- **Brief**:
Produce a word-for-word copy of the data that follows, excluding images.

- **Raw data**:
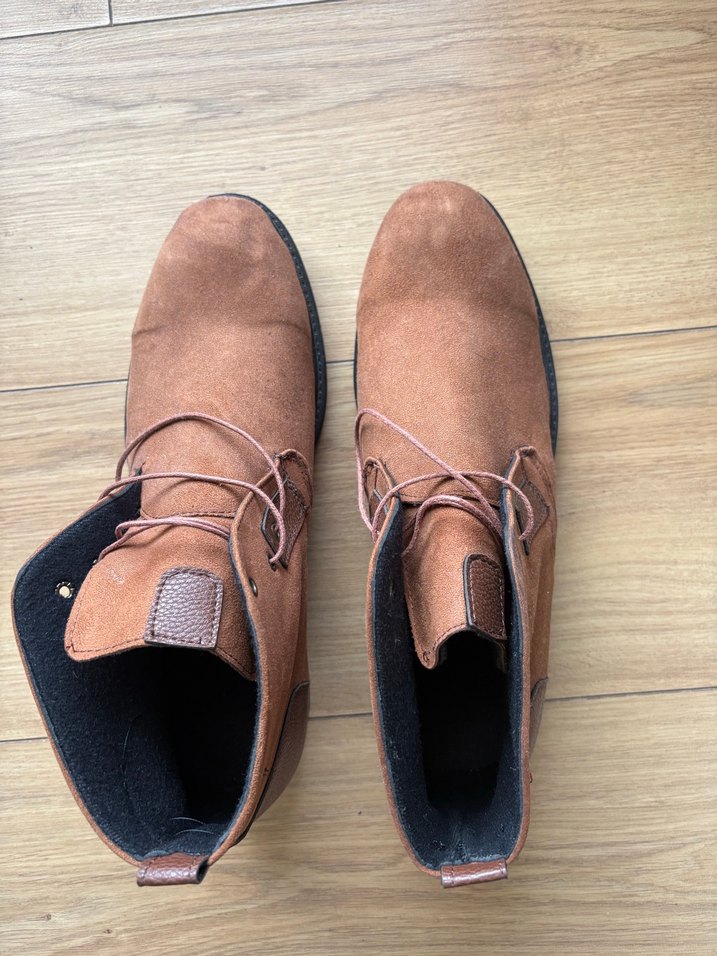 Kahverengi süet kadın botlar, dolgu topuk ve tokalı detaylara sahip. Rahat ve şık sokak stili için uygun, günlük kullanıma ideal.
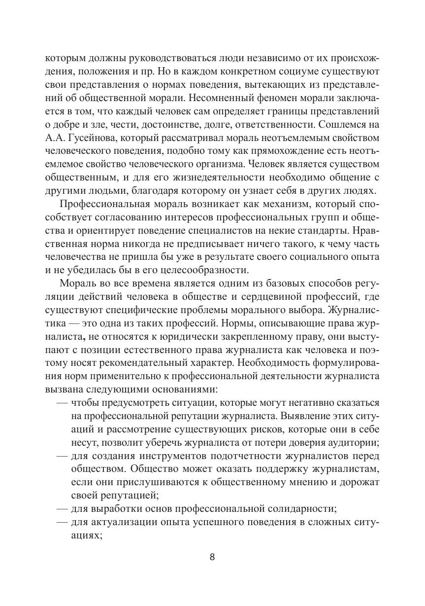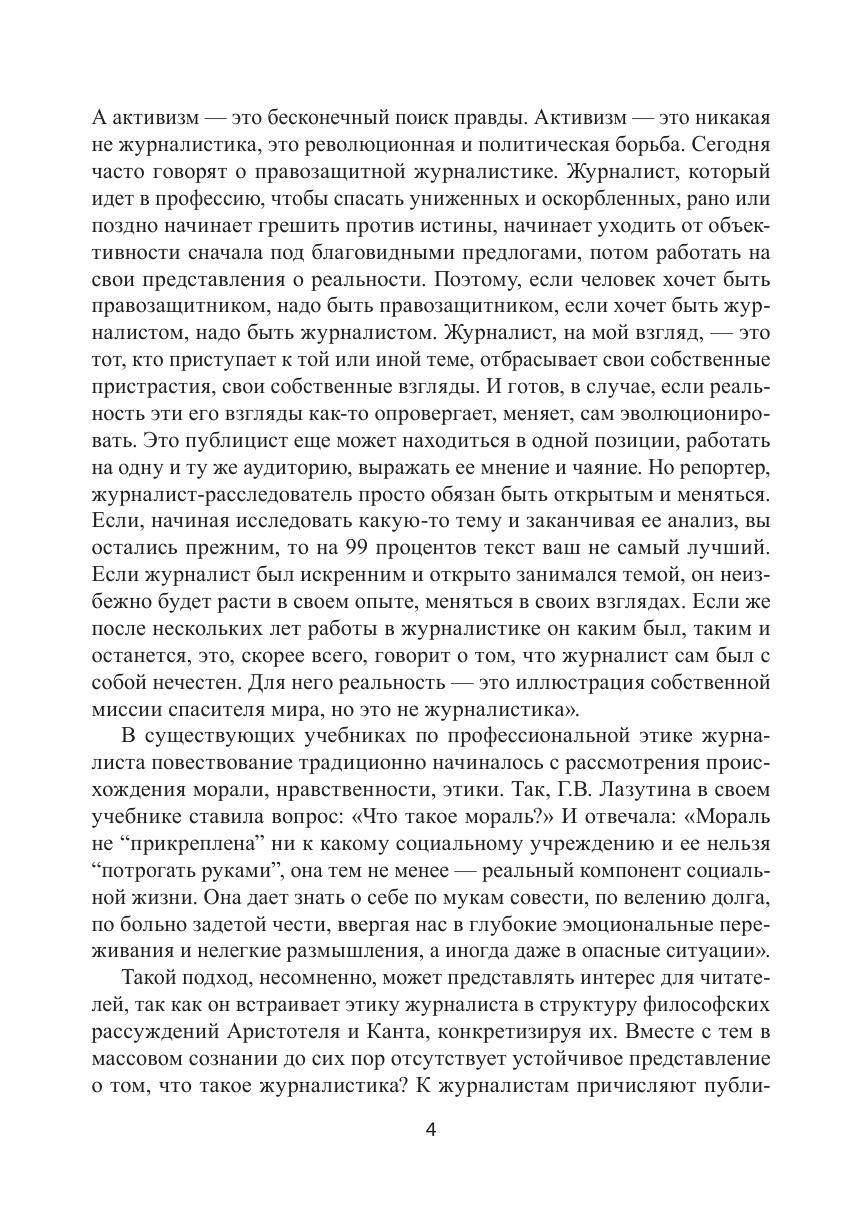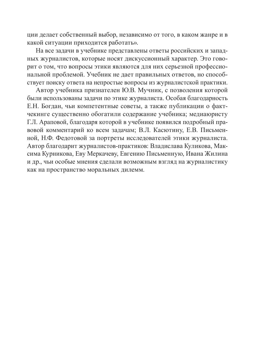 Этика журналиста рассмотрена в учебнике в контексте этапов формирования журналистики как профессиональной деятельности и в формате проектно-ориентированных задач, случаев из журналистской практики. Учебник состоит из двух частей. В первой студентам предлагаются некоторые теоретические знания о журналистике, становление которой было связано с закреплением ее общественного статуса через появление этических и правовых норм, института омбудсмена, технологических стандартов, профессиональных союзов и объединений журналистов. Вторая часть представляет собой этические коллизии с вариантами решений задач от практикующих журналистов. На все задачи представлены ответы российских и западных журналистов, которые носят дискуссионный характер. Учебник не дает правильных ответов, но способствует поиску ответов на непростые вопросы из журналистской практики.
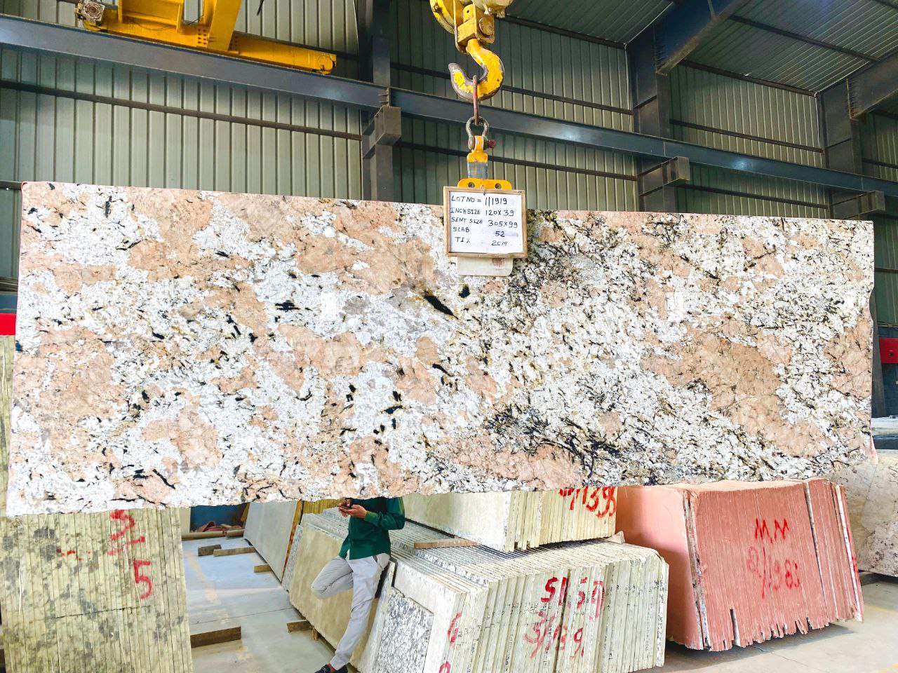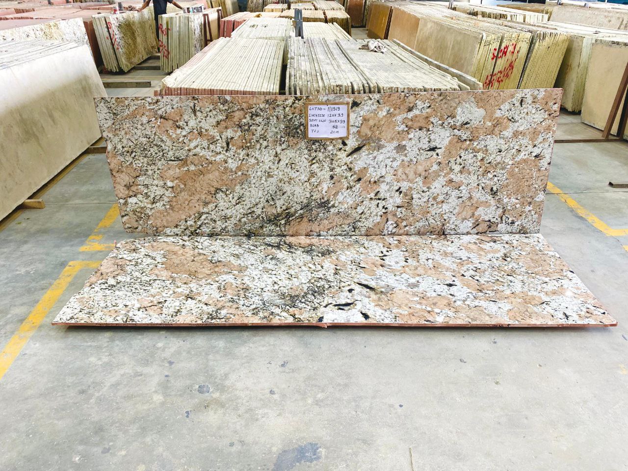 Applications: Kitchen countertops, flooring, wall cladding, staircases, bathroom vanities, island tops, tabletops, window sills, and exterior elevation.
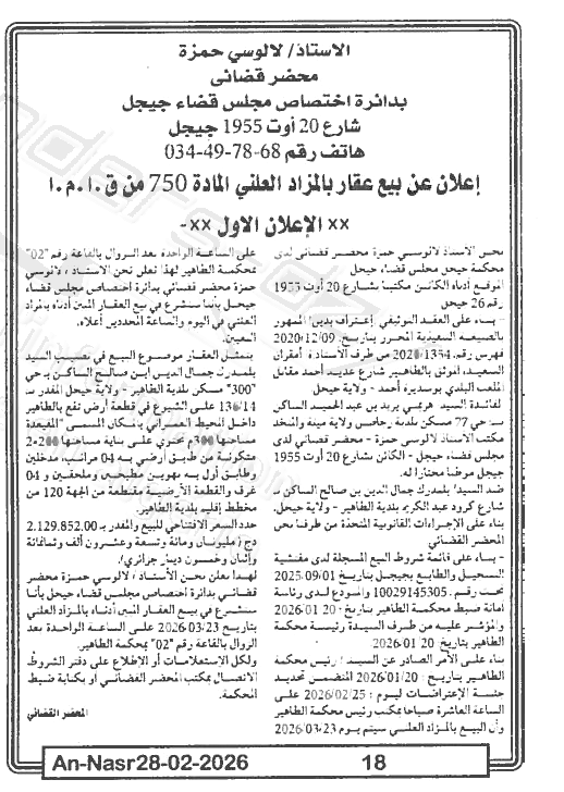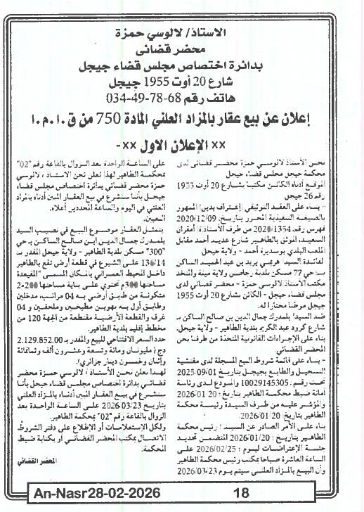 | Paru dans le journal : النصر | |

- **Finished exercise**:
 Kahverengi süet kadın botlar, dolgu topuk ve tokalı detaylara sahip. Rahat ve şık sokak stili için uygun, günlük kullanıma ideal.
 Этика журналиста рассмотрена в учебнике в контексте этапов формирования журналистики как профессиональной деятельности и в формате проектно-ориентированных задач, случаев из журналистской практики. Учебник состоит из двух частей. В первой студентам предлагаются некоторые теоретические знания о журналистике, становление которой было связано с закреплением ее общественного статуса через появление этических и правовых норм, института омбудсмена, технологических стандартов, профессиональных союзов и объединений журналистов. Вторая часть представляет собой этические коллизии с вариантами решений задач от практикующих журналистов. На все задачи представлены ответы российских и западных журналистов, которые носят дискуссионный характер. Учебник не дает правильных ответов, но способствует поиску ответов на непростые вопросы из журналистской практики.
 Applications: Kitchen countertops, flooring, wall cladding, staircases, bathroom vanities, island tops, tabletops, window sills, and exterior elevation.
 | Paru dans le journal : النصر | |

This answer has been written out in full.